Elon Is Wrong. We Don't Live in a Simulation - pastalex
http://motherboard.vice.com/read/we-dont-live-in-a-simulation
======
galistoca
This guy basically is saying "the world we live in is physical, because well..
it is physical!". How does someone like this become a professor and publish
books?

I have no problem someone saying "it is very likely we live in a simulation"
because it's an opinion and he's not trying to hide the fact that it's just an
opinion.

But saying stuff like "THAT IS WRONG" and "It's conceptually and empirically
incorrect" is really amateur.

By the way does this guy even know what "empirically" means?
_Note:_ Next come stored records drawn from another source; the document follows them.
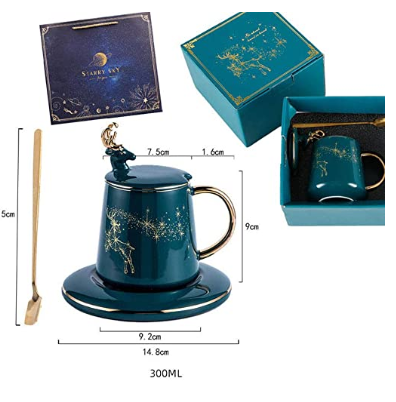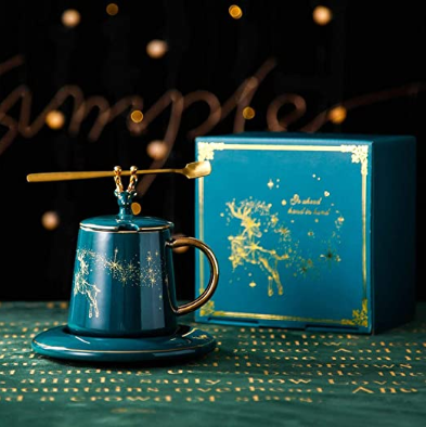 A touch of retro style exudes elegance and beauty. Light luxury peacock green coffee cup is your good choice (deep and elegant peacock green, showing a touch of retro style, exuding charming elegance)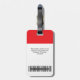 Personnalisez facilement cette étiquette de bagage personnalisée avec photo, code de la barre d'analyse et logo de l'entreprise. Un design d'entreprise simple en rouge et blanc entièrement personnalisable en tailles avant et arrière, sans-serif polices de base et moderne et un look professionnel et clair. Idéal pour les employés Gadgets de voyage d'affaires, Accessoires de voyage pour professionnels, étiquettes d'ID bagage de sécurité de voyage de l'entreprise, gadgets de patron pour les voyages d'affaires. L'étiquette de bagage est disponible en impression recto verso, ou en face simple avec emplacement de carte. Pas de commande minimum.
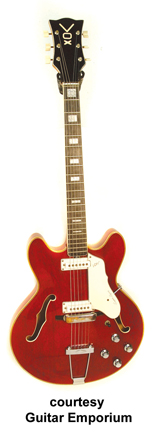 VIPER | - dual cutaway hollowbody, 6-on-a-side headstock, 2 Ferro-Sonic single coil pickups with chrome covers, 21-fret neck with white block inlays, raised black pickguard, 2 f-holes, chrome hardware, trapeze Vox tailpiece, volume/2 tone controls, pickup selector switch, "E tuner" on/off switch mounted on lower treble bout. "On-board" effects mounted on a metal plate features a Treble/Bass boost on/off switch and control, Distortion on/off switch and control, Wah-Wah control, and "Repeat Percussion" (a repeating echo-like function) on/off switch and control, available in Sunburst or Cherry finishes, mfg. 1968 only. |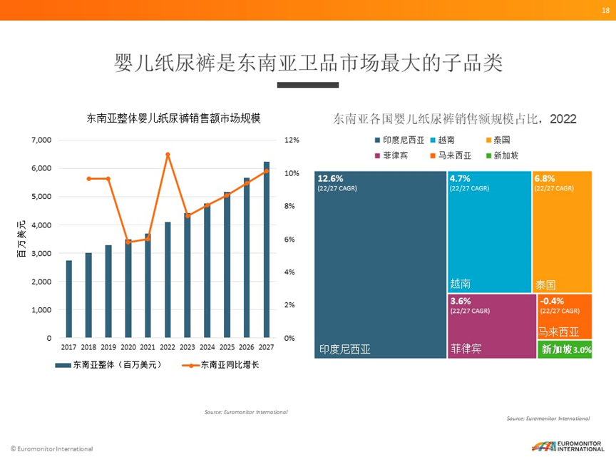 眾多紙尿褲品牌對東南亞市場情有獨鐘背后,是可觀的市場前景。根據(jù)Euromonitor(歐睿信息咨詢)數(shù)據(jù)顯示,2022年東南亞一次性衛(wèi)品市場整體零售額達到了65億美元,其中嬰兒紙尿褲是東南亞衛(wèi)品市場最大的子品類,去年市場規(guī)模超過了40億美元,21-22年同比增長達到將近11%。預計2027年嬰兒紙尿褲市場會超過60億美元。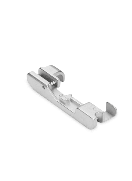 De groef van de geleider geleidt de bies terwijl deze wordt gevouwen en ingenaaid. De open geleider helpt bij het aannaaien van kralen, parels en lovers op draad.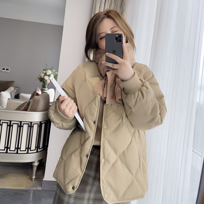 Xuanxuan homemade Lingge Korean version of the white 90% white duck down jacket women's small winter thickened short coat

Our experience is
nothing more than what we perceive as human beings, and there's plenty of
evidence that supports that what we perceive is not necessarily the reality.
And this guy is saying "it's empirically wrong". It is impossible to prove a
philosophical theory "empirically wrong".

------
johnloeber
The basic objection here -- that Musk misunderstands the nature of simulation
on a philosophical-technical level, and that even if our existence was
simulated, it is still as meaningful as it would be if it weren't -- is nicely
written and argued, but it feels woefully irrelevant to the debate. The author
has done nothing to address the fundamental probabilistic argument that Musk
uses in favor of simulation. This article is mostly an attack on definitions,
not one on substance.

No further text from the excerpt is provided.